▶ **Records for processing**:
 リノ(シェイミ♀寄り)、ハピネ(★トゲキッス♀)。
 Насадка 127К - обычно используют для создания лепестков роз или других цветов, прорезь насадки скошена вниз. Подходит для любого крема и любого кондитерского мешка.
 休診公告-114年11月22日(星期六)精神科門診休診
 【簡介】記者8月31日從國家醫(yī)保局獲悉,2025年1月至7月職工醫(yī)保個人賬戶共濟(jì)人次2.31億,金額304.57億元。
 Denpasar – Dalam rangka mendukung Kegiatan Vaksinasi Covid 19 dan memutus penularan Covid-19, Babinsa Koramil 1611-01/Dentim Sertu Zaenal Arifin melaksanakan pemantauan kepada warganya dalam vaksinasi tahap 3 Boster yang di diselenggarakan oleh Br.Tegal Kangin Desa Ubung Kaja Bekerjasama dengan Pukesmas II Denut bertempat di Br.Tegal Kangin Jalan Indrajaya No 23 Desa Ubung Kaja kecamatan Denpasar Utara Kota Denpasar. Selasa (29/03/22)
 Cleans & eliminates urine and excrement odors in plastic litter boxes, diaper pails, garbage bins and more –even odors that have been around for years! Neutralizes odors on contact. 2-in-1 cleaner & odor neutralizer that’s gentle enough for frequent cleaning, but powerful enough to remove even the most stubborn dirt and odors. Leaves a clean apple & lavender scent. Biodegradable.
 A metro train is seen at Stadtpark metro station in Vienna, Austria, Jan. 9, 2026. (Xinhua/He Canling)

▶ **How to complete this task**:
Please output, exactly, the lines of the listing from the one containing "Denpasar – Dalam" through the last, inclusive, and no other lines.

▶ **Answer**:
 Denpasar – Dalam rangka mendukung Kegiatan Vaksinasi Covid 19 dan memutus penularan Covid-19, Babinsa Koramil 1611-01/Dentim Sertu Zaenal Arifin melaksanakan pemantauan kepada warganya dalam vaksinasi tahap 3 Boster yang di diselenggarakan oleh Br.Tegal Kangin Desa Ubung Kaja Bekerjasama dengan Pukesmas II Denut bertempat di Br.Tegal Kangin Jalan Indrajaya No 23 Desa Ubung Kaja kecamatan Denpasar Utara Kota Denpasar. Selasa (29/03/22)
 Cleans & eliminates urine and excrement odors in plastic litter boxes, diaper pails, garbage bins and more –even odors that have been around for years! Neutralizes odors on contact. 2-in-1 cleaner & odor neutralizer that’s gentle enough for frequent cleaning, but powerful enough to remove even the most stubborn dirt and odors. Leaves a clean apple & lavender scent. Biodegradable.
 A metro train is seen at Stadtpark metro station in Vienna, Austria, Jan. 9, 2026. (Xinhua/He Canling)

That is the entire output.